▶ [Problem description]: From the line containing "Makuake価格 長袖Tシャツ¥15,400 +" down to the line containing "意味不明あだ名 | 『住所不定無職どらすきん(85歳)』 |", copy out the entries below exactly, both lines included, and nothing else; pictures do not belong in the copy.

▶ [Data section]:
== Segment start ==

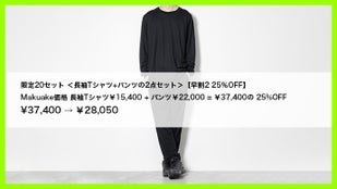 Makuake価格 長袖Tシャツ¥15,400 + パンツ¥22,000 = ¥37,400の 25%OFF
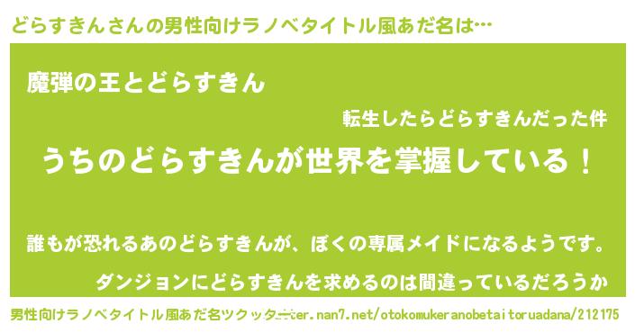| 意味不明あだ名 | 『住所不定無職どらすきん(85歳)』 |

== Segment end ==
== Segment start ==

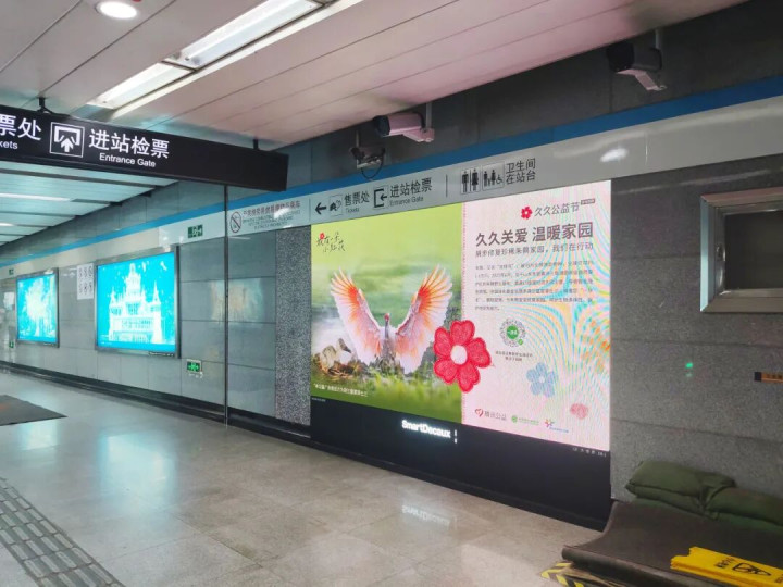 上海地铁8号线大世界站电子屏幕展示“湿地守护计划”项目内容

== Segment end ==

▶ [Response for this exercise]:
 Makuake価格 長袖Tシャツ¥15,400 + パンツ¥22,000 = ¥37,400の 25%OFF
| 意味不明あだ名 | 『住所不定無職どらすきん(85歳)』 |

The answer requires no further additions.